You give it a URL. It launches a headless Chromium browser, loads the page, and runs the industry-standard axe-core accessibility engine against it — the same engine used by Deque, Microsoft, and Google in their own accessibility tooling. Then it collects every link on the page, adds them to a queue, and repeats the process across the entire site using a breadth-first crawl.
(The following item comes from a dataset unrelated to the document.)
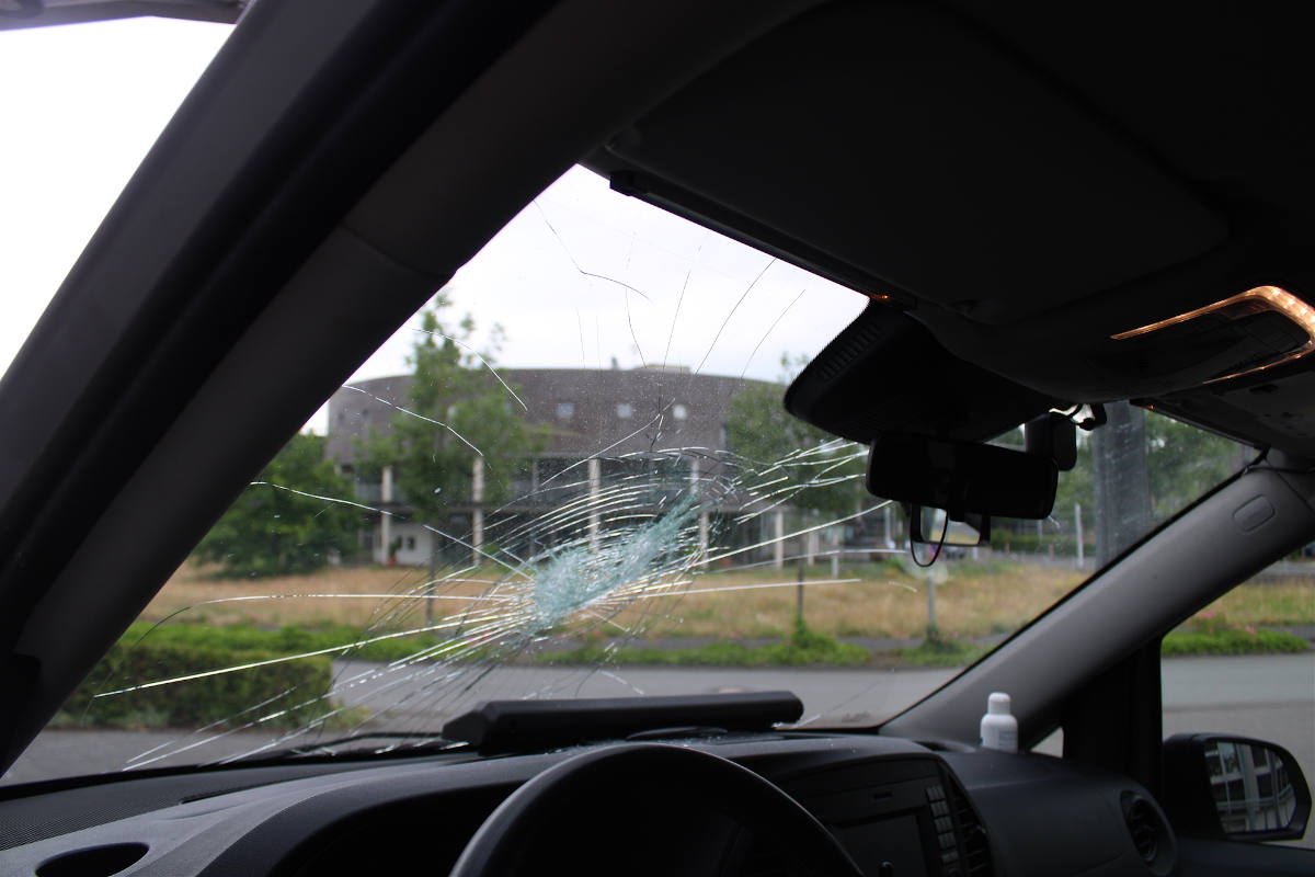 Unvermittelt nahm der Mann einen größeren Stein und warf diesen auf die Frontscheibe eines Mercedes Vito Streifenwagens. Der abgeprallte Stein beschädigte in der Folge auch das Dach des Fahrzeugs.

On top of automated rule scanning, we added custom heuristic checks that go beyond what axe-core catches on its own: videos without captions, audio set to autoplay, missing skip navigation links, iframes without titles, forms missing autocomplete attributes, and CSS that suppresses focus outlines.

As each page is scanned, results are written to disk in real time. If a scan runs overnight and the server is interrupted, the results up to that point are preserved and the scan can be resumed. For large sites — we've scanned sites with 4,000+ pages — this kind of fault tolerance isn't a nice-to-have, it's essential.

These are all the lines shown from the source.